Exercise requirements
What is needed is an exact copy of the listing, with no pictures in it.

Recorded data
+ + + +

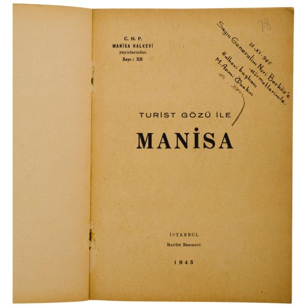 "Sayın Generalim Nuri Berköz´e hürmetlerimle." ithafıyla, Halkevi Başkanı M. Azmi Önakın tarafından imzalanmıştır. Bazıları renkli kuşe baskı olmak üzere çok sayıda görsel içeren kitabın sonunda katlanır Manisa Şehir Planı mevcuttur.
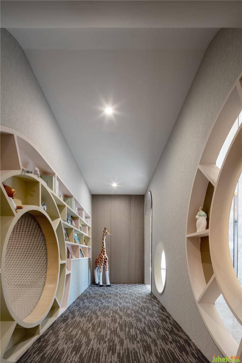 以“夢(mèng)幻時(shí)光”為主題的兒童區(qū),以淺色系為主要點(diǎn)綴色,以圓形為主要形態(tài),通過(guò)這條通道便是泡泡區(qū),與主題呼應(yīng),充滿(mǎn)童趣和回憶,也給孩子們留下了永不幻滅的時(shí)刻
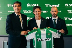 體育資訊7月22日訊 今天,貝蒂斯俱樂部正式宣布里克爾梅成為球隊的新成員,他與俱樂部主席安赫爾-哈羅和體育總監(jiān)曼努-法哈多一起亮相發(fā)布會。

+ + + +

Output for this exercise
 "Sayın Generalim Nuri Berköz´e hürmetlerimle." ithafıyla, Halkevi Başkanı M. Azmi Önakın tarafından imzalanmıştır. Bazıları renkli kuşe baskı olmak üzere çok sayıda görsel içeren kitabın sonunda katlanır Manisa Şehir Planı mevcuttur.
 以“夢(mèng)幻時(shí)光”為主題的兒童區(qū),以淺色系為主要點(diǎn)綴色,以圓形為主要形態(tài),通過(guò)這條通道便是泡泡區(qū),與主題呼應(yīng),充滿(mǎn)童趣和回憶,也給孩子們留下了永不幻滅的時(shí)刻
 體育資訊7月22日訊 今天,貝蒂斯俱樂部正式宣布里克爾梅成為球隊的新成員,他與俱樂部主席安赫爾-哈羅和體育總監(jiān)曼努-法哈多一起亮相發(fā)布會。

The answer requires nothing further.